One of the things that I don’t like about the coaching industry is that it sells the idea that you can have anything you want in life quite easily as long as you pay a lot of money for a given coaching deal. The expense is carefully reframed as “the investment.” Now I’m a life/executive coach, but I don’t change exorbitant fees (like over $1,000 per month), because I want my services to be accessible to people. However, there is a well-known coach who emailed everyone on his list last year to offer a “carefully curated group of top business professionals” to form a mastermind group for the “low” price of 10k per year. Not very much was even being offered for that price, except the opportunity to be surrounded by top professionals. I deleted the email, but I know a few people who were burned by this. And interestingly, a year later, there is no reference on the internet to the program that was offered at all, as though it never existed, after the coach himself pocketed a million dollars. The reality is that a lot of people think that if they pay enough money, they will be transformed, but it doesn’t work that way, because change happens over time and has everything to do with how much work a person is willing to do, not just in the short run, but over time to maintain the change.
Clients come to me after they’ve been burned by programs like this. I don’t believe in fleecing people and promising the moon. I believe in working week by week on effective change. Period. I hate to break it to clients wanting a quick fix, but most change takes three months to see tiny changes, six months to see momentum, and a good year to solidify the habits associated with the change. Change is hard work and it’s not easy, which is why most people give up or don’t try in the first place. I have found in my own life and with friends and clients, that change doesn’t happen in a day or a weekend, no matter how inspiring the weekend. I know Anthony Robbins charges a lot for his intense weekend programs, but I wonder how many people are permanently transformed, and how many people could have the same or better effects reading his books and/or working with a coach? I have friends who have called after taking the intensive Landmark program (kind of like EST from the seventies), feeling transformed, but a few months later, they admit that it didn’t really do anything permanently for them.

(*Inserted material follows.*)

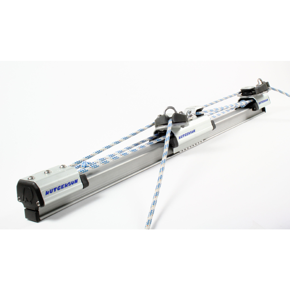 Komplett med oborrad skena, 32mm bred som är 150 cm lång, rullagrad vagn med cleats, flytande stopp.

The biggest obstacle for most people is that we have false expectations of how change happens. I’ve seen friends lose a lot of weight quickly, but the ones who lose it slowly over time find that the changes ultimately stick. And the methods aren’t very sexy: 1) keep track of portion size 2) write everything down 3) realize that sugar and junk and high fat foods should be occasional treats 4) exercise every day 5) get enough sleep and 6) lower stress. That’s it. Some people do better with more protein or less or more carbs or less, but nobody needs to adhere to the zealotry of various diet camps, like Vegans vs. Paleo, because foods work differently for each person and there is no one right diet. Ultimately it still comes down to: Eat less and focus on real foods, and exercise and move a lot more. That’s it.

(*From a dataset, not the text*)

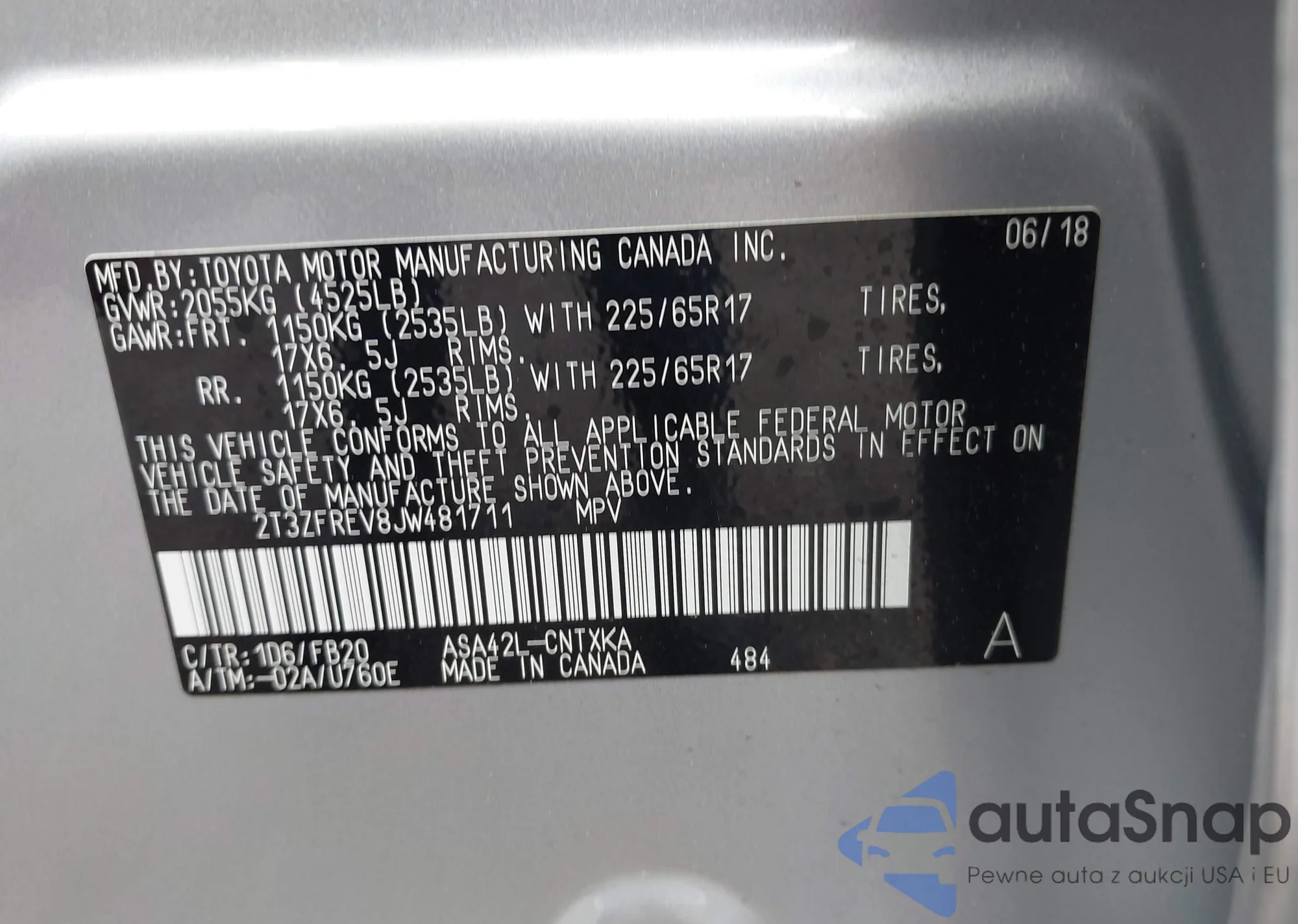 VIN: 2T3ZFREV8JW481711

As you seek your world stage, beware of the coaching programs promising you an easy solution to changing your life for a high “investment” of money. You don’t need to spend 10K for a weekend to change your life. You just need to decide that you’re ready to change, and then find the books and/or people who can help you. For some, it’s going to AA meetings, or joining Weight Watchers, or checking out Toastmasters, or getting resume services. For others, it’s finding a coach to have your back as you do the hard work of change. But just remember no matter what, that you can decide to permanently change whatever isn’t working. It’s up to you.